> [TASK TO COMPLETE]
All lines from the one containing "tid før. | |" through the last line of the listing below are to be copied exactly. Exclude the pictures.

□ □ □

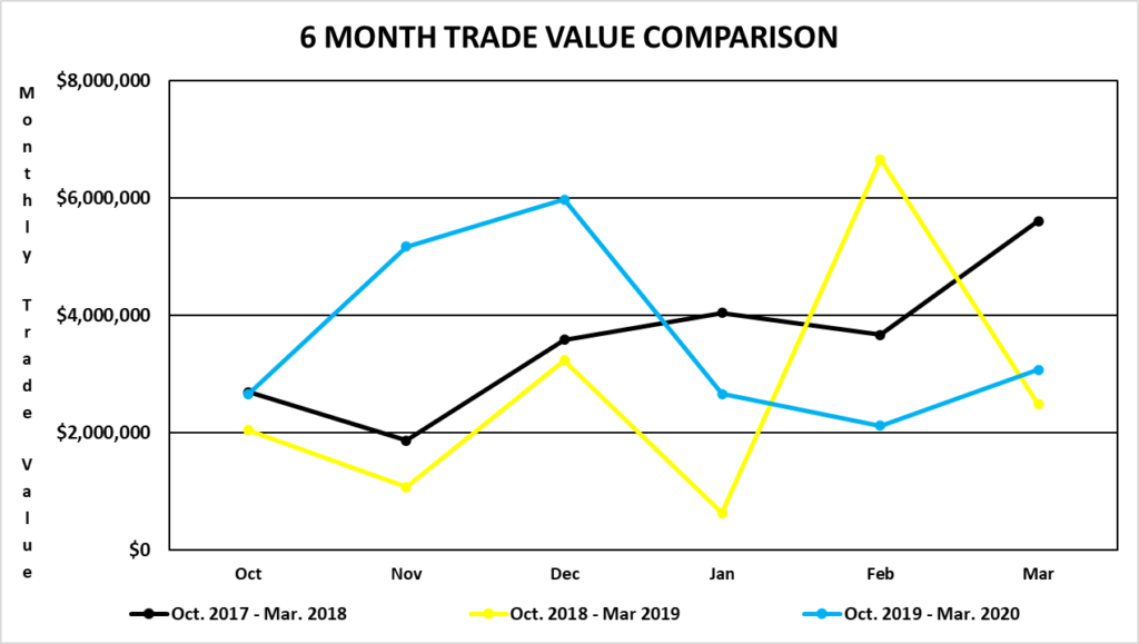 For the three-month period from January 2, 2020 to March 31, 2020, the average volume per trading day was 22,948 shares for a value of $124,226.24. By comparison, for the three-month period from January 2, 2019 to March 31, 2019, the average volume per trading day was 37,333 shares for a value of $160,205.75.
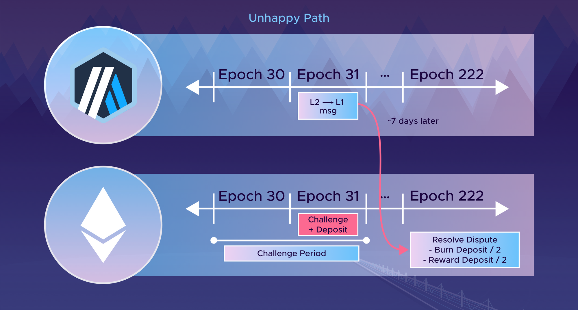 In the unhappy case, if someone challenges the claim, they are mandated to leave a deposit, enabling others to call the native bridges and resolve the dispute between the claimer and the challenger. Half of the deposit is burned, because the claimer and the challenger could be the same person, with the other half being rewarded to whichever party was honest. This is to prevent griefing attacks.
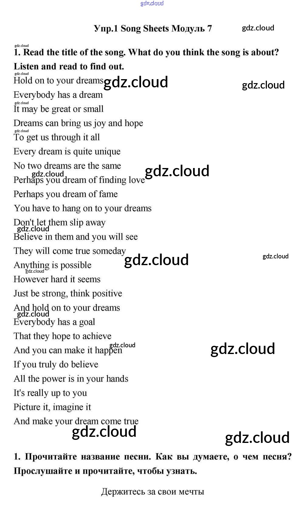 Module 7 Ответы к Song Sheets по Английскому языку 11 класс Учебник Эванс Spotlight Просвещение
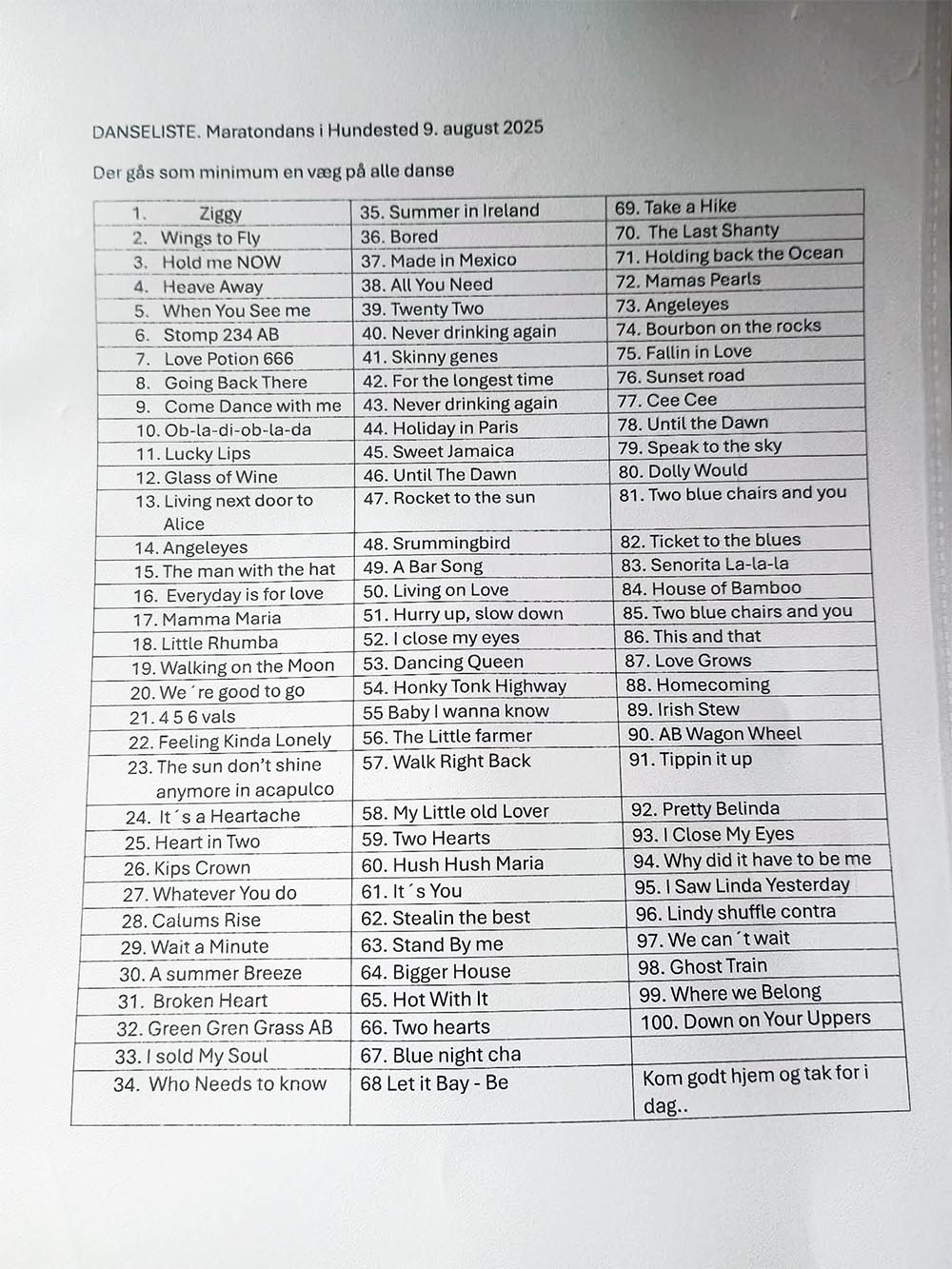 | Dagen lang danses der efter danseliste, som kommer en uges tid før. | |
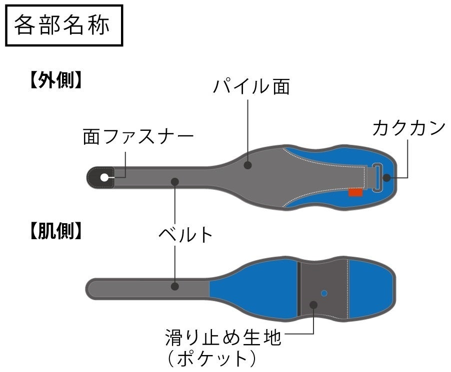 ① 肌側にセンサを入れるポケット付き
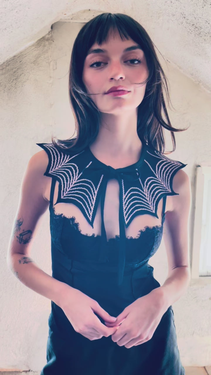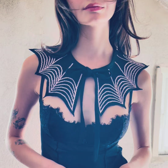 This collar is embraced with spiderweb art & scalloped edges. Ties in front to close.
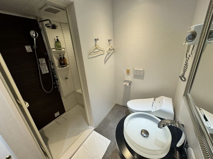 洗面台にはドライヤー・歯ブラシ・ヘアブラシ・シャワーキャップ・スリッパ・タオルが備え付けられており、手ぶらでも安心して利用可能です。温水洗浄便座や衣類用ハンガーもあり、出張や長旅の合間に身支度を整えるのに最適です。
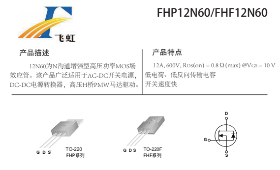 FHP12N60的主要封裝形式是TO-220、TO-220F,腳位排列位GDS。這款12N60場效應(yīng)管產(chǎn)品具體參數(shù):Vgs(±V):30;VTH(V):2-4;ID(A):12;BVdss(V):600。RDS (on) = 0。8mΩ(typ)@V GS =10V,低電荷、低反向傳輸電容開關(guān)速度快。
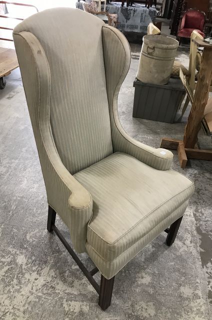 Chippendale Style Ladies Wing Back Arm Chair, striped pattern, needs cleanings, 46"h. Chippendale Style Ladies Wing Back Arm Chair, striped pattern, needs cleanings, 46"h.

□ □ □

> [YOUR RESPONSE]
 | Dagen lang danses der efter danseliste, som kommer en uges tid før. | |
 ① 肌側にセンサを入れるポケット付き
 This collar is embraced with spiderweb art & scalloped edges. Ties in front to close.
 洗面台にはドライヤー・歯ブラシ・ヘアブラシ・シャワーキャップ・スリッパ・タオルが備え付けられており、手ぶらでも安心して利用可能です。温水洗浄便座や衣類用ハンガーもあり、出張や長旅の合間に身支度を整えるのに最適です。
 FHP12N60的主要封裝形式是TO-220、TO-220F,腳位排列位GDS。這款12N60場效應(yīng)管產(chǎn)品具體參數(shù):Vgs(±V):30;VTH(V):2-4;ID(A):12;BVdss(V):600。RDS (on) = 0。8mΩ(typ)@V GS =10V,低電荷、低反向傳輸電容開關(guān)速度快。
 Chippendale Style Ladies Wing Back Arm Chair, striped pattern, needs cleanings, 46"h. Chippendale Style Ladies Wing Back Arm Chair, striped pattern, needs cleanings, 46"h.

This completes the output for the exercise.